Contrast this one-dimensional surveying process with the Graf Zeppelin’s ability to fly over the land and sea, taking pictures as it went.  A photograph is inherently two-dimensional; with a photograph of an area in hand, one can transfer landmarks from it to the map directly.  If one has two photographs of the same landmarks taken from two directions, one can use a stereoscopic viewer to see the area in three dimensions.  The process is much, much faster than a land-based survey.  When the Graf Zeppelin flew over Franz Josef Land, “[a] Russian scientist aboard the Zeppelin estimated that three hours of aerial mapping represented about four summers of survey work by a land-based party.”

NGSS: Earth and Human Activity: Evaluate or refine a technological solution that reduces impacts of human activities on natural systems.

The LZ Graf Zeppelin took off from Friedrichshafen, Germany, on July 24, 1931, bound for the north coast of Eurasia.  In its eight-day expedition it covered some 6,600 miles, averaging about 55 miles per hour while it was flying.  You can find a map showing its itinerary and a day-by-day log of its path here.  The log speaks of it crossing the Arctic Circle on the evening of July 26 and reaching Prince Rudolf Island, the northernmost point of its expedition, near midnight on July 27/28.
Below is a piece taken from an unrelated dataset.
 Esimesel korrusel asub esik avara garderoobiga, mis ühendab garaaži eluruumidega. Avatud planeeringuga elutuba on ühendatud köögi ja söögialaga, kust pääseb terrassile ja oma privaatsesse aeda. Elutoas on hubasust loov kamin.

Lest we imagine the Zeppelin flying on its way as the day settled into the darkness of night, it is worth remembering where it was and at what time of year.  The expedition started on July 24, just over a month after the Summer Solstice (33 days, or 0.09 of the year).  Multiplying that decimal by the 360 degrees that the Earth orbits around the Sun in one year and taking the cosine gives the approximate result that the latitude of the Sun north of the Equator on that date was about 0.84 of the latitude of the Tropic of Cancer, or just less than 20 degrees.  This means that any latitude north of about 70 degrees north was experiencing the “midnight sun” or 24-hour sunlight.  By the end of the expedition eight days later, the Sun had moved another two degrees farther south and so the lowest latitude of “midnight sun” was about 72 degrees.  And even after sunset, with the Sun just barely below the horizon the twilight is still fairly bright.  In Berlin at the end of July, the Sun sets around 9:00 PM but evening astronomical twilight does not end until after midnight.  (As an aside, the length of day, sunrise and sunset times, and directions of the sun at sunrise and sunset are something of an eye-opener for most Americans.  Selecting a place like Franz Josef Land, which is near the northernmost point that the Graf Zeppelin visited on its expedition, shows even more extreme variation.)
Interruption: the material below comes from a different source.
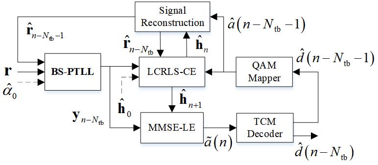 中國科學院聲學研究所海洋聲學技術實驗室博士研究生寇旭以及武巖波研究員等人利用后向維納平滑濾波器(backward smoothing, BS)提高高階調制下相位跟蹤的準確性,提出了基于逐符號重采樣的定時環路(Phase-and-Timing-Locked Loop, PTLL)補償Doppler帶來的信號相位扭曲和時間上的拉伸壓縮。并且設計了一種逐符號的基于自適應信道估計的均衡結構(Adaptive Channel-Estimation based Equalizer, ACEE),利用高階高碼率低譯碼延遲的網格編碼調制技術(Trellis-Coded-Modulation, TCM)逐符號保護高階調制信號的判決導引,提高均衡的準確性。相關研究成果發表于學術期刊Applied Acoustics。
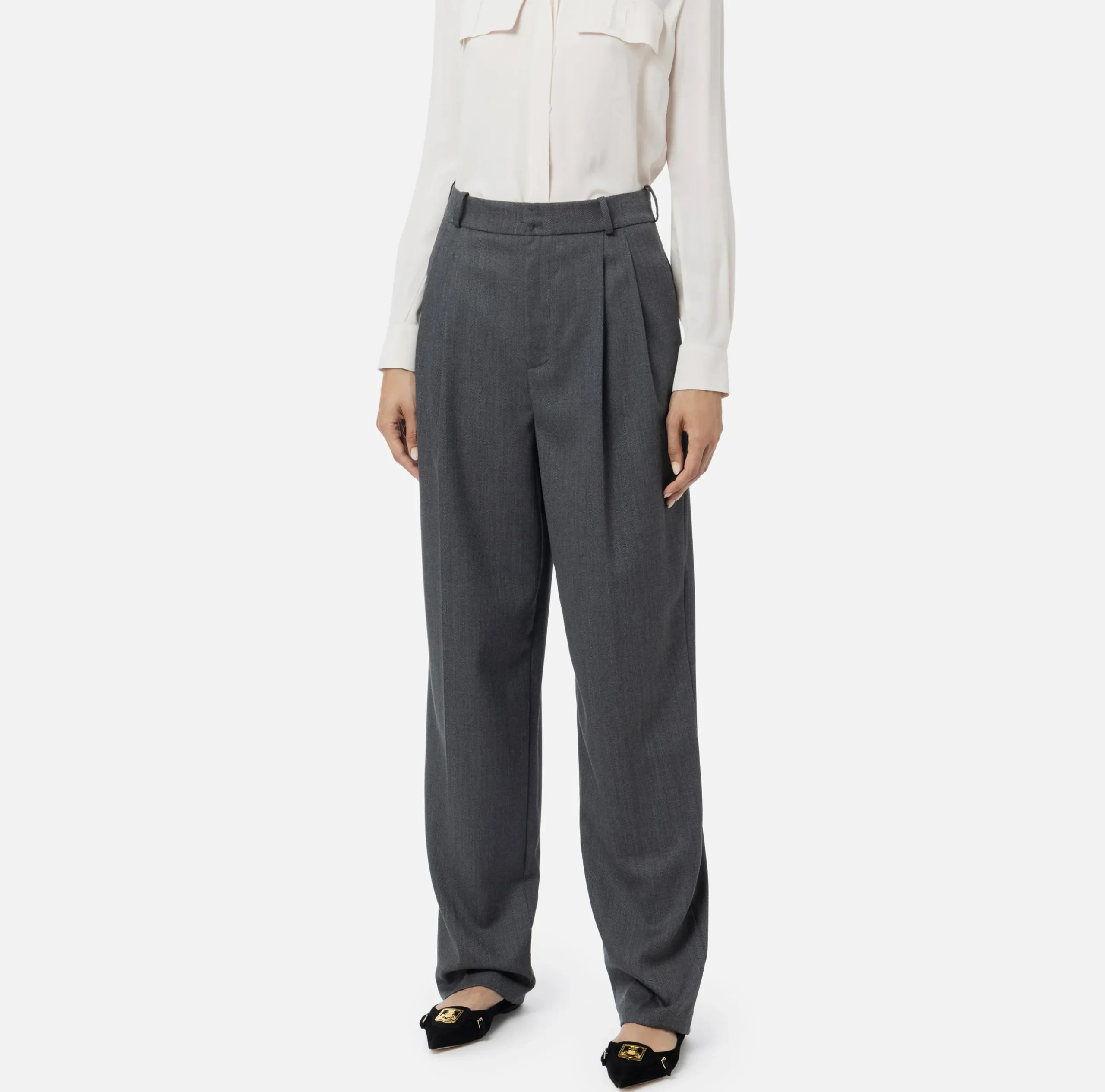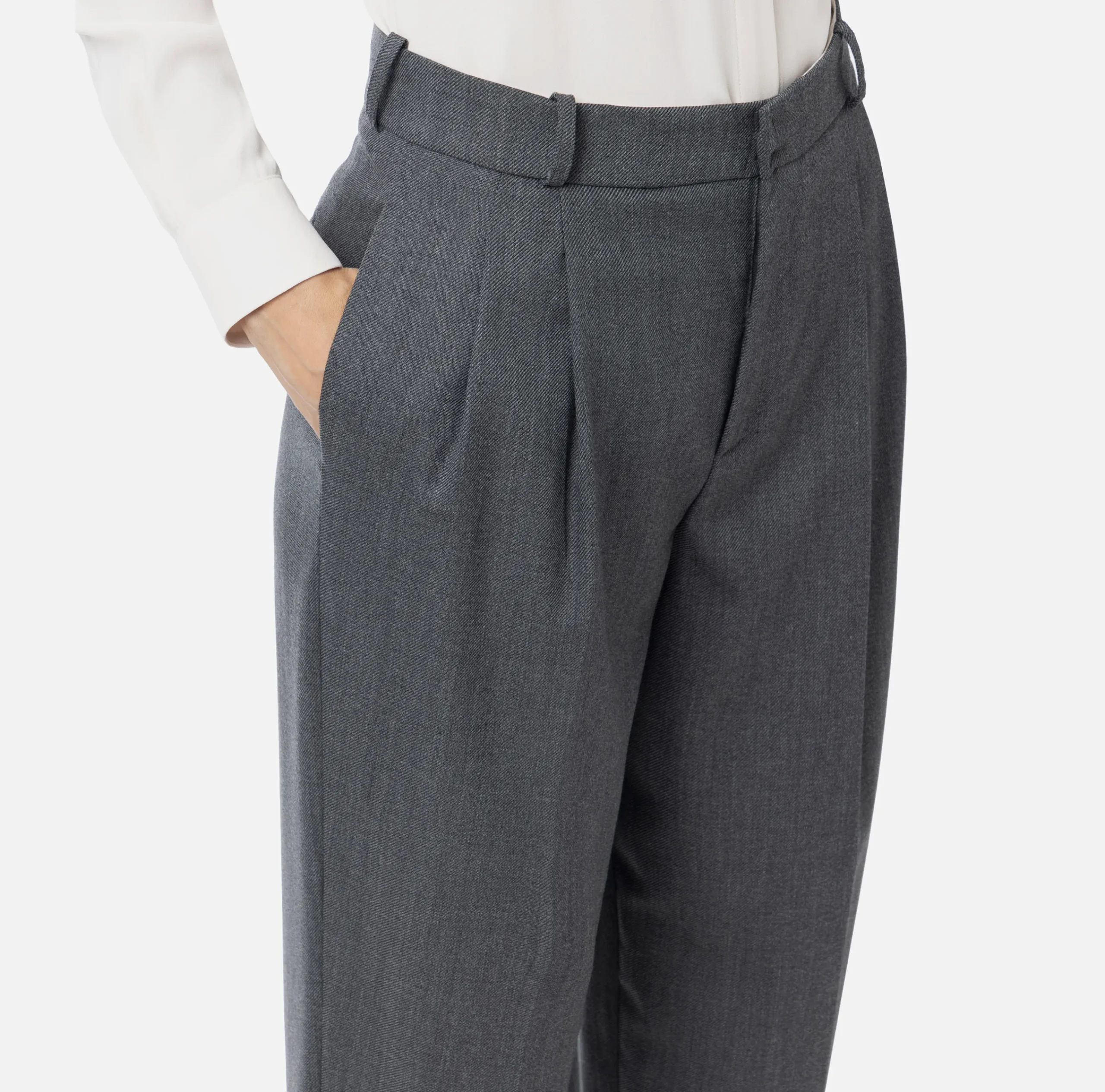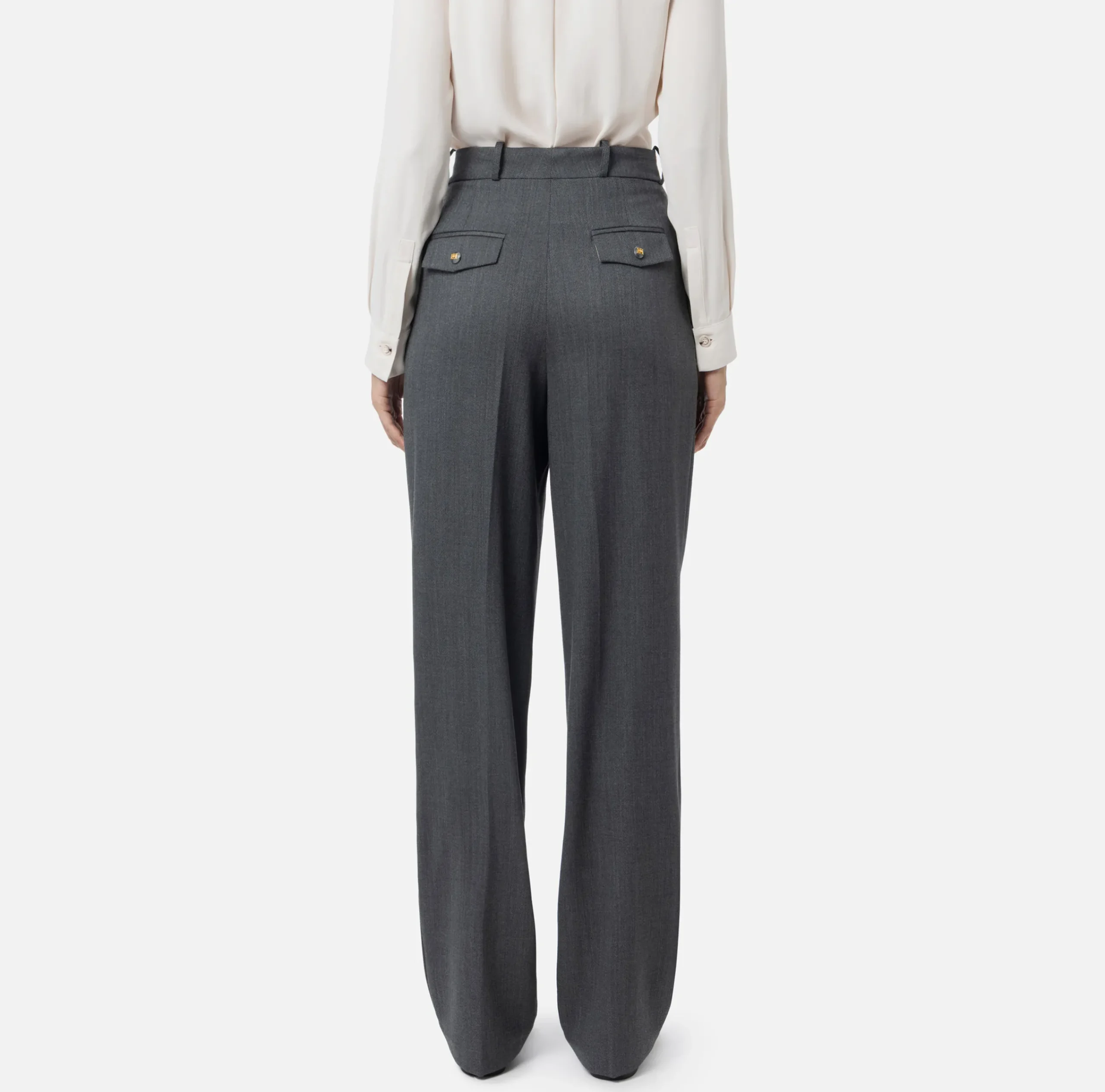 Pantaloni E Shorts|Elisabetta Franchi Pantalone gamba ampia con doppia pinces in fresco di lana stretch SteelMelange

Why, do you think, was the expedition scheduled for the time of year that it was?  Having long days and short nights was one obvious reason.  The weather is another reason:  winter is much colder than the summer in that part of the world; in addition, storms are more frequent during the winter there.  The organizers of the expedition wanted sunlight and clear weather to allow them to take pictures of the ground beneath them.

Another critical aspect of the mission that is not immediately obvious is the question of paying for it.  Exploration is not cheap and the Graf Zeppelin’s flight, although much shorter and therefore less expensive than a ground-based mission, was still not free.  The organizers hit upon a novel idea to raise money for it:  they asked the German and Russian governments to commission special commemorative stamps of the flight which they then put onto postcards.  As it left Germany, the Graf Zeppelin carried about 660 pounds of these postcards with the German “Polar Fahrt” stamps on them; off the coast of Franz Josef Land it met a Soviet icebreaker, the Malygin, and delivered its mail.  In exchange it received another 260 pounds of postcards with Soviet commemorative stamps on them, which it carried back home to Germany.  These postcards were then sold to stamp collectors worldwide, paying for the expedition.  The stamps can still be bought from collectors.